State Road 345 connected the small communities of Lincoln City and Dale in Spencer County.

The southern terminus was at State Road 162 at the entrances to both the Lincoln Boyhood National Memorial and Lincoln State Park. Its northern terminus was at U.S. 231 and State Road 62 south of Dale. This intersection was relocated a short distance south when the new-terrain U.S. 231 was built.

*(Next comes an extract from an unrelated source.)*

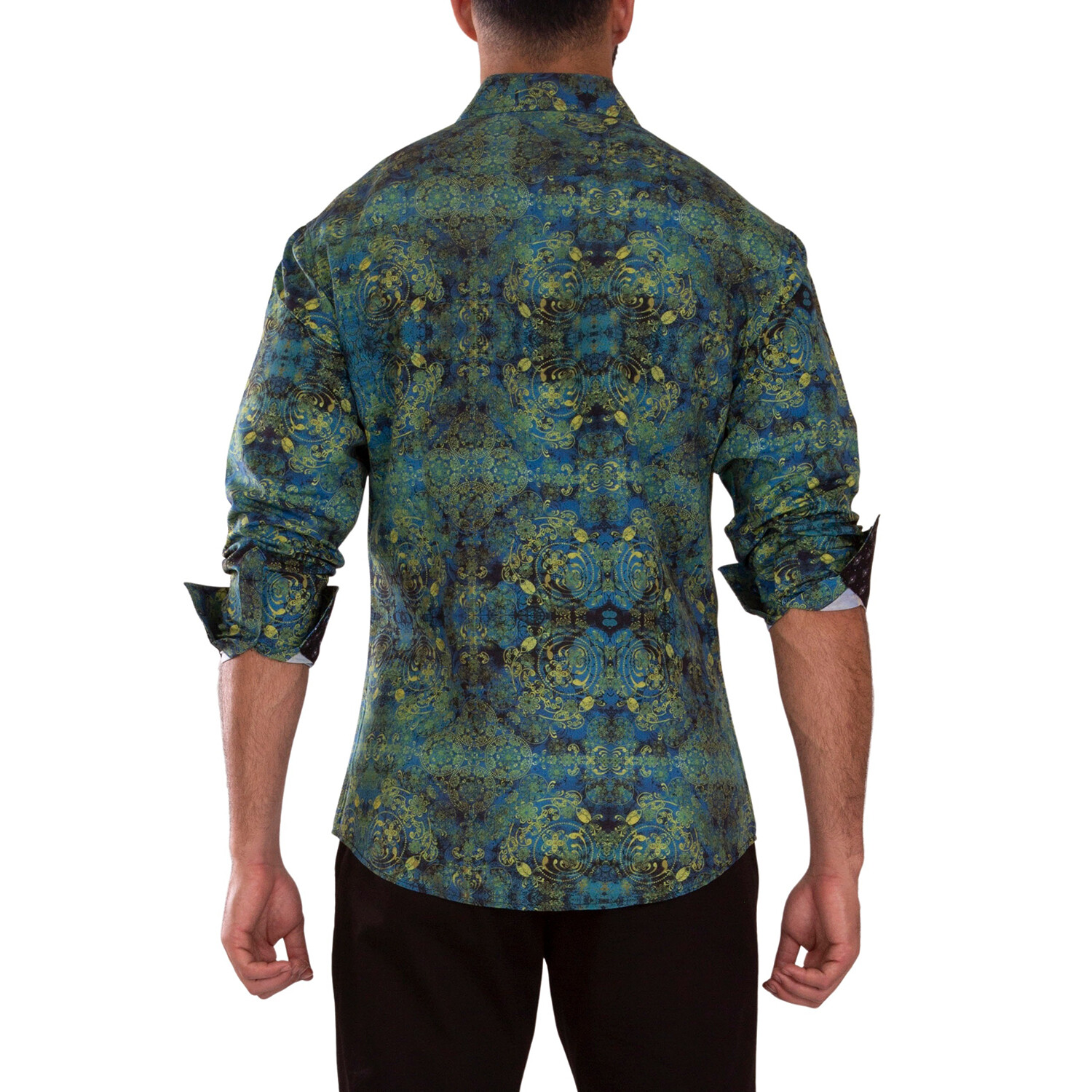 Mandala Effect Print Long Sleeve Dress Shirt // Green

Today, former State Road 345 is Spencer County Road 300 East. It is, at least at its southern terminus, signed as part of the Lincoln Heritage Trail which was designated in the 1960s in Illinois, Indiana and Kentucky.

== State Road 346 ==

State Road 346 ran from SR 45/SR 46 near Bloomington to SR 146 in Bloomington. SR 346 followed a part of 17th Street and Dunn Street in Bloomington, connecting State Road 46.

== State Road 367 ==

State Road 367 was a short highway located in Marion County during the 1930s and 1960s, routed primarily along Pendleton Pike and Massachusetts Avenue. Its northern terminus was the junction with U.S. 36 and S.R. 67 at 38th Street and Pendleton Pike, and its southern terminus was the junction with U.S. 31 in downtown Indianapolis at Meridian Street. The route was sometimes marked as "Truck 367" on maps.